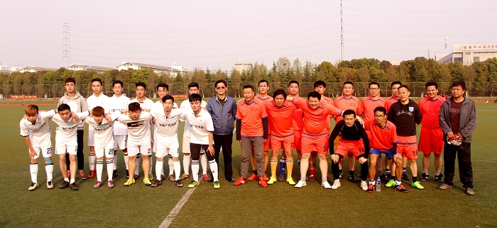 开幕式后,学院党委副书记沈端良亲切慰问教工联队、学生联队,并和大家合影留念。随后,沈书记在足球场开球点欣然为比赛开球。
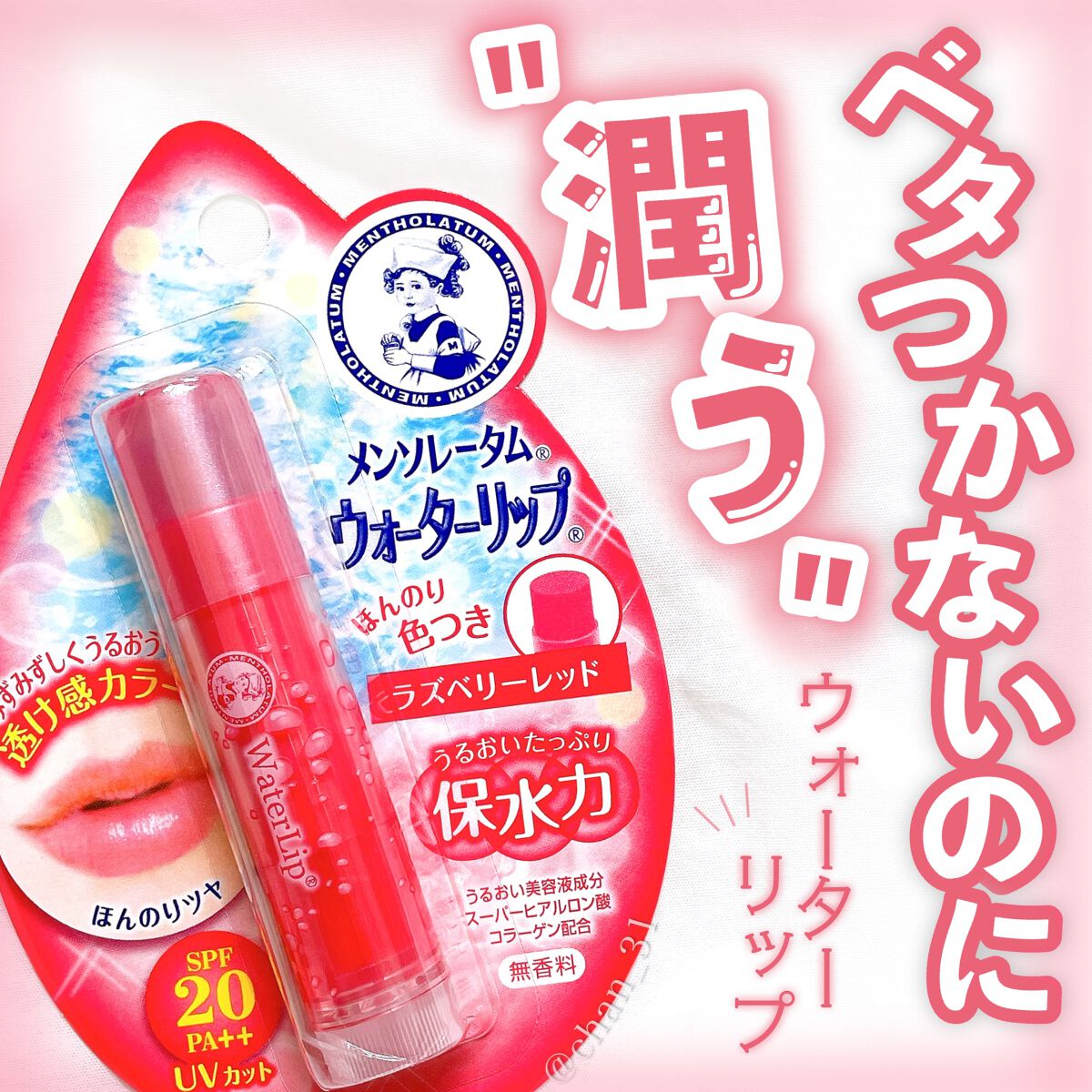 - ウォーターリップシリーズならではの、うるおい感たっぷりの処方。 4つのうるおい成分(スーパーヒアルロン酸*1、アロエベラ葉エキス、コラーゲン*2、はちみつ)をギュッと閉じ込めました。 またUVカット成分も配合。SPF20/PA++で、日中のおでかけにもおすすめです。 グロスやルージュの代わりとしても使えます。 無香料。
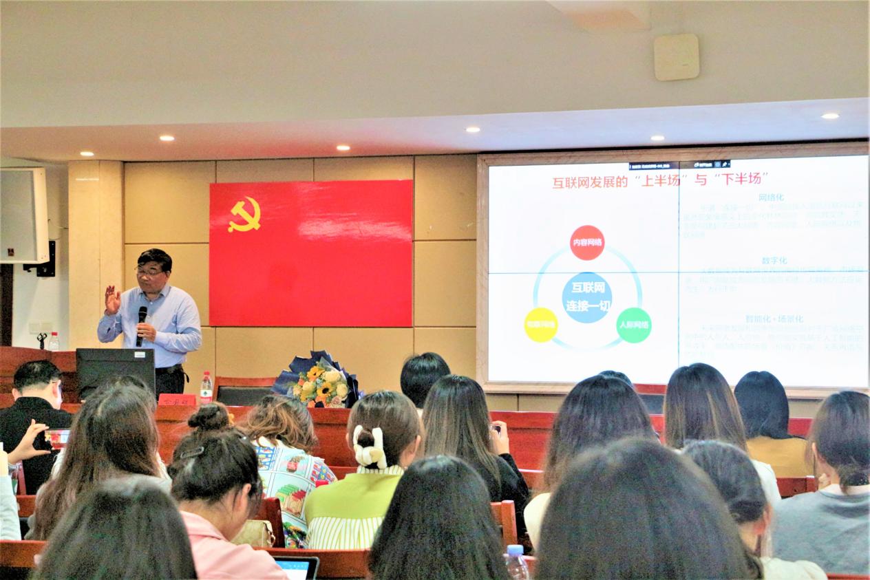 4月14日,教育部长江学者特聘教授、第七届国务院学位委员会新闻传播学学科评议组成员、北京师范大学新闻传播学院学术委员会主任、中国新闻史学会传媒经济与管理专业委员会理事长喻国明教授应邀来校,为广大师生作了“元宇宙、AIGC与传播革命”的学术讲座。讲座由世俱杯(Club WC)官方网站_世俱杯登录入口注册副院长袁星洁主持。

◆ **Problem requirements**: Only the pictures are to be left out, and all of the data must otherwise be transcribed exactly.

◆ **Task answer**:
 开幕式后,学院党委副书记沈端良亲切慰问教工联队、学生联队,并和大家合影留念。随后,沈书记在足球场开球点欣然为比赛开球。
 - ウォーターリップシリーズならではの、うるおい感たっぷりの処方。 4つのうるおい成分(スーパーヒアルロン酸*1、アロエベラ葉エキス、コラーゲン*2、はちみつ)をギュッと閉じ込めました。 またUVカット成分も配合。SPF20/PA++で、日中のおでかけにもおすすめです。 グロスやルージュの代わりとしても使えます。 無香料。
 4月14日,教育部长江学者特聘教授、第七届国务院学位委员会新闻传播学学科评议组成员、北京师范大学新闻传播学院学术委员会主任、中国新闻史学会传媒经济与管理专业委员会理事长喻国明教授应邀来校,为广大师生作了“元宇宙、AIGC与传播革命”的学术讲座。讲座由世俱杯(Club WC)官方网站_世俱杯登录入口注册副院长袁星洁主持。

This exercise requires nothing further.